Há um lado selvagem, digamos assim, da vida livre no interior, ao menos naquele tempo. A gente convive com guris de todas as idades e condições econômico-sociais, além das diferenças familiares e culturais. Tive ótimos amigos e companheiros de estripulias, mas acho que tive a sorte de sobreviver intelectualmente equilibrado no contraste. É que meus pais insistiam em certas histórias, lendas e valores, que não encontravam correspondência na crua realidade em que eu vivia. Meus pais insistiam em que acreditasse em Papai Noel, mesmo que eu já tivesse, digamos, seis anos e convivesse com gurizada mais taluda, que debochava do bom velhinho. Foi duro ter de intimá-los a deixar de invenções e de confirmar que certos estavam meus amigos. Depois, mais tarde, discursos e conselhos contra a masturbação, que seria antinatural. E assim por diante. Ora, eu via acontecer coisas cabeludas ao redor, ouvia histórias de éguas lascivas e ovelhinhas suaves, que alguns guris contavam com naturalidade, de tal modo que meus pais cairiam das alturas. Eram mundos diferentes, de maneira que era mesmo necessário pensar bem e escolher as próprias verdades.

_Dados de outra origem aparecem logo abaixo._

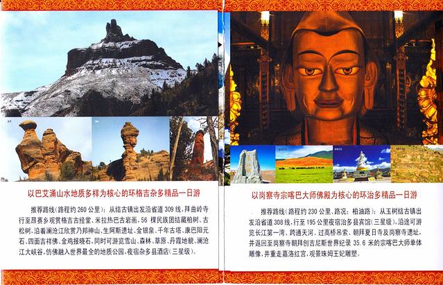 推荐路线(路程约260公里):从结古镇出发沿省道309线,拜曲岭寺行至昂赛乡观赏格吉古经堂、米拉热巴古岩画,56棵民族团结藏柏树、古松树,沿着澜沧江欣赏乃邦神山、生阿斯遗址、金银泉、千年古塔、康巴阳元石、四面吉祥佛、金鸡报晓石,同时可游览雪山、森林、草原、丹霞地貌、澜沧江大峡谷,仿佛融入世界最全的地质公园,夜宿杂多县酒店(三星级)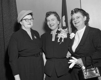 At a luncheon of the Fort Worth Business and Professional Women's Club, Incorporated, Dr. Maude Gruby, left, chairman, and Miss Hazel Palmer of Selida, Mo. center, was guest speaker. She was introduced by Mrs. Marjorie McMahon, right. The luncheon celebrated National Business Women's Week.

Tinha eu oito ou nove anos e minha mãe mandou-me ao cinema com a babá, à noite. Acontece que não era propriamente uma ida ao cinema, mas a um evento no centro da cidade, onde seria projetado um filme qualquer na parede enorme de um prédio, acho que da Concessionária Ford de Encantado. Cheio de gente. Talvez, na época, estivesse temporariamente desativado o cinema da cidade. Coisa de Cinema Paradiso. Só que houve um problema técnico qualquer e o filme acabou não sendo exibido, todos tendo de voltar para casa. Chegando a casa, ouvi ruídos nos fundos e vislumbrei meu pai e minha mãe, no escuro, cercando o quarto da empregada, que era um anexo da garagem. Senti que era rolo e peguei um canivetinho de escoteiro. Minha mãe bateu à porta, chamando alto e insistentemente pela empregada, quando se ouviu nitidamente o ruído de janela sendo aberta. Corri para o lado da janela e percebi meu pai com um revólver 38 na mão calçando um homem alto. Fui pra cima do cara com meu canivetinho. O sujeito, apavorado, me dizia pra ficar quieto, pra não deixar meu pai mais nervoso e coisas do tipo. Meu pai xingava a criatura e dizia que a sua casa era de respeito. O cara pedia mil desculpas, quase aos prantos. E eu ali, a infernizar. No final, tudo se resolveu. A empregada andava recebendo em seu quarto o povo inteiro, tendo a mãe percebido o movimento de homens espreitando nas esquinas e atrás de árvores na rua. Mandaram-me ao cinema e prepararam o flagrante. "Só não contavam com minha astúcia" ... Pelo desastre da exibição cinematográfica, acabei participando do episódio e foi inesquecível.
Nesse cenário, a gente construía a personalidade e o destino.